The  IRISH TIMES has scant respect for Irish law or the intelligence of its readers. Witness “The Irish Times View on Dessie O’Malley” 22 July

A jury of free citizens acquitted Charles Haughey, Captain Kelly and others of conspiracy to import arms illegally.Garret Fitzgerald had to pay substantial damages to Captain Kelly for repeating the false charges.

The importation of firearms is, and was in 1970, by statute controlled by the Ministers for Defence and Justice.

As Minister for Finance in 1970, Charles Haughey could not, even had he wished, authorised  such importation.

Haughey at the time of his arrest was fully occupied in preparing the national budget, probably the most time-consuming task of any minister.

In court Defence Minister James Gibbons described how the Irish Army had given nine days of weapons training on army premises to two groups of Derry civilians whose communities had been attacked by RUC, B-Specials and Orange mobs, and expected repeats of same. Gibbons protested that the training was designed to give the threatened communities a morale boost, but that supplying them with weapons for their defence was not contemplated.

I read that Minister’s testimony at the time with incredulity, as apparently did the jury.

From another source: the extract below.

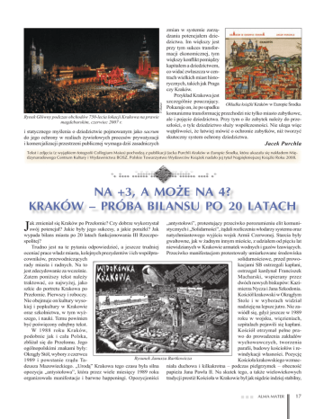 P. Mazur Rynek Główny podczas obchodów 750-lecia lokacji Krakowa na prawie magdeburskim, czerwiec 2007 r. i statycznego myślenia o dziedzictwie pojmowanym jako sacrum do jego ochrony w realiach żywiołowych procesów prywatyzacji i komercjalizacji przestrzeni publicznej wymaga dziś zasadniczych zmian w systemie zarządzania potencjałem dziedzictwa. Im większy jest przy tym sukces transformacji ekonomicznej, tym większy konflikt pomiędzy kapitałem a dziedzictwem, co widać zwłaszcza w centrach wielkich miast historycznych, takich jak Praga czy Kraków. Przykład Krakowa jest szczególnie pouczający. Okładka książki Kraków w Europie Środka Pokazuje on, że po upadku komunizmu transformację przechodzi nie tylko miasto zabytkowe, ale i pojęcie dziedzictwa. Przy tym o ile zabytek należy do przeszłości, o tyle dziedzictwo służy współczesności. Nie ulega więc wątpliwości, że łatwiej mówić o ochronie zabytków, niż tworzyć skuteczny system ochrony dziedzictwa. Jacek Purchla Tekst i zdjęcia (z wyjątkiem fotografii Collegium Maius) pochodzą z publikacji Jacka Purchli Kraków w Europie Środka, która ukazała się nakładem Międzynarodowego Centrum Kultury i Wydawnictwa BOSZ. Polskie Towarzystwo Wydawców Książek nadało jej tytuł Najpiękniejszej Książki Roku 2008. NA +3, A MOŻE NA 4? KRAKÓW – PRÓBA BILANSU PO 20 LATACH J ak zmieniał się Kraków po Przełomie? Czy dobrze wykorzystał „antystołowi”, protestujący przeciwko porozumieniu elit komuniswój potencjał? Jakie były jego sukcesy, a jakie porażki? Jak stycznych i „Solidarności”, żądali rozliczenia włodarzy systemu oraz wypada bilans miasta po 20 latach funkcjonowania III Rzeczpo- natychmiastowego wyjścia wojsk Armii Czerwonej. Starcia były spolitej? gwałtowne, jak w żadnym innym mieście, z udziałem od pięciu lat Trudno jest na te pytania odpowiedzieć, a jeszcze trudniej niewidzianych w Krakowie armatek wodnych i gazów łzawiących. oceniać prace władz miasta, kolejnych prezydentów i ich współpra- Przeciwko manifestacjom protestowały umiarkowane środowiska cowników, przewodniczących solidarnościowe, przed proworady miasta i radnych. Na to kacjami SB ostrzegali kapłani, jest zdecydowanie za wcześnie. ostrzegał kardynał Franciszek Zatem poniższy tekst należy Macharski, wspierany przez traktować, co najwyżej, jako dwóch nowych biskupów: Kaziszkic do portretu Krakowa po mierza Nycza i Jana Szkodonia. Przełomie. Pierwszy i roboczy. Kościół krakowski w Okrągłym Nie obejmuje on kultury wysoStole i w wyborach widział kiej i popkultury w Krakowie nadzieję na lepsze jutro. Nie zaoraz szkolnictwa, w tym wyżwiódł się, gdyż jeszcze w 1989 szego, i nauki. Temu powinien roku w wojsku, więzieniach, być poświęcony odrębny tekst. szpitalach pojawili się kapłani. W 1988 roku Kraków, Kościół otrzymał pełne prapodobnie jak i cała Polska, wo do prowadzenia zakładów zbliżał się do Przełomu. Jego wychowawczych, tworzenia ogólnopolskimi znakami były: parafii, budowy kościołów i reOkrągły Stół, wybory z czerwca windykacji własności. Pozycję Rysunek Janusza Bartkowicza 1989 i powstanie rządu TaKościoła krakowskiego wzmacdeusza Mazowieckiego. „Urodą” Krakowa tego czasu była silna niała duchowa i kilkakrotna – podczas pielgrzymek – obecność opozycja „antystołowa”, która przez wiele miesięcy 1989 roku papieża Jana Pawła II. Na skutek tego, a także wielowiekowych organizowała manifestacje i barwne happeningi. Opozycjoniści tradycji prestiż Kościoła w Krakowie był jak nigdzie indziej stabilny, ALMA MATER 17 a autorytet hierarchów z kardynałem Franciszkiem Macharskim na wrażenie w mieście, w Polsce i za granicą wywołał demontaż poczele – gwarantowany. Siłą Kościoła były też wpływowe duszpa- mnika Lenina – Wielkiego Brata, symbolu podległości politycznej sterstwa akademickie, między innymi dominikańska Beczka, a także Polski i Krakowa. 22 listopada 1989 roku podczas happeningu no„Tygodnik Powszechny”, środowisko „Znaku”, seminaria duchow- wohucki pomnik Lenina został podpalony, a następnie, 10 grudnia ne oraz dwie uczelnie katolickie: Papieska Akademia Teologiczna 1989 roku, zdemontowany. „Żegnaj Włodziu” – skandowali na i dynamicznie rozwijające się Ignatianum. pożegnanie demonstranci. Znakiem symbolicznym było też odrzuWybory 4 czerwca 1989 roku w Krakowie, podobnie jak cenie dotychczasowego patrona Huty im. Lenina i zastąpienie go w całym kraju, wygrała „drużyna Wałęsy”, jednak na zmianę władzy nowym: inżynierem Tadeuszem Sendzimirem, wynalazcą z zakresu w mieście krakowianie musieli czekać jeszcze przez ponad rok. Co technologii hutniczych z USA. Oficjalnie jego imię nosi staraprawda jesienią tego roku Krakowski Komitet Obywatelski „Soli- -nowa huta od 4 maja 1990 roku. Podobnie symboliczne znaczenie darności” wysunął na prezydenta miało przywrócenie w 1990 roku Krakowa kandydaturę Ryszarda starej nazwy miasta: stołeczne Gryglewskiego, światowej sławy i królewskie miasto Kraków, profesora medycyny, jednak „staz czego warszawianie do dzisiaj ra” rada miasta nie potrafiła się zdesobie dworują. W magazynach cydować na jego wybór. Zmiany muzeum miejskiego spoczędokonały się dopiero w następstwie ły portrety przewodniczących uchwalenia przez Sejm ustawy Rady Narodowej i prezydentów o samorządzie terytorialnym. z lat 1945–1989, a w 1992 roku 20 czerwca 1990 roku nowa rada odebrano przyznane wcześniej miasta, wybrana w pierwszych degodności honorowego obywatela mokratycznych wyborach, dokonaKrakowa ministrowi Michałowi ła wyboru na stanowisko prezydenRoli-Żymierskiemu. ta prof. Jacka Woźniakowskiego, Zmiany następowały też a pierwszym przewodniczącym w sferze własności i produkcji. rady został Kazimierz Barczyk. Już w 1988 roku dzięki nowePrezydent Woźniakowski uzyskał mu prawu szybko przyby
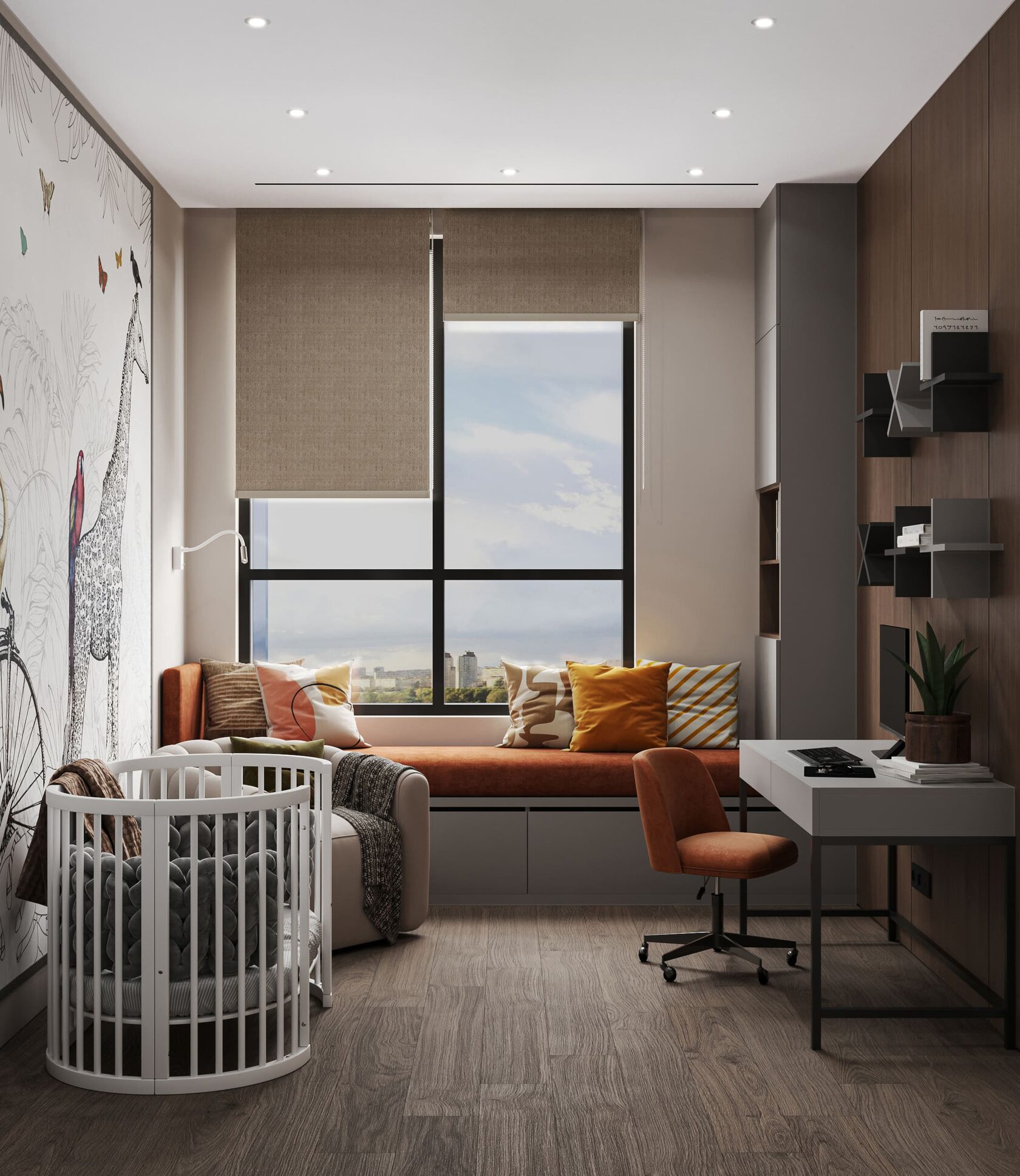 В детской по традиции запланировали банкетку по окном, чтобы любоваться шикарным видом из окна.

I have since read the testimony given by Charles Haughey, and his cross-examination. It was more than merely plausible. I am convinced that every word he spoke was truthful. As a defendant he was under no obligation to tell everything he knew. If he had done so he might have destroyed the Government, the State, and Fianna Fail. Instead he bit his lip, swallowed his enormous pride, and survived to give  enormous service to Ireland.

Even THE TIMES OF LONDON in its obituary acknowledges this.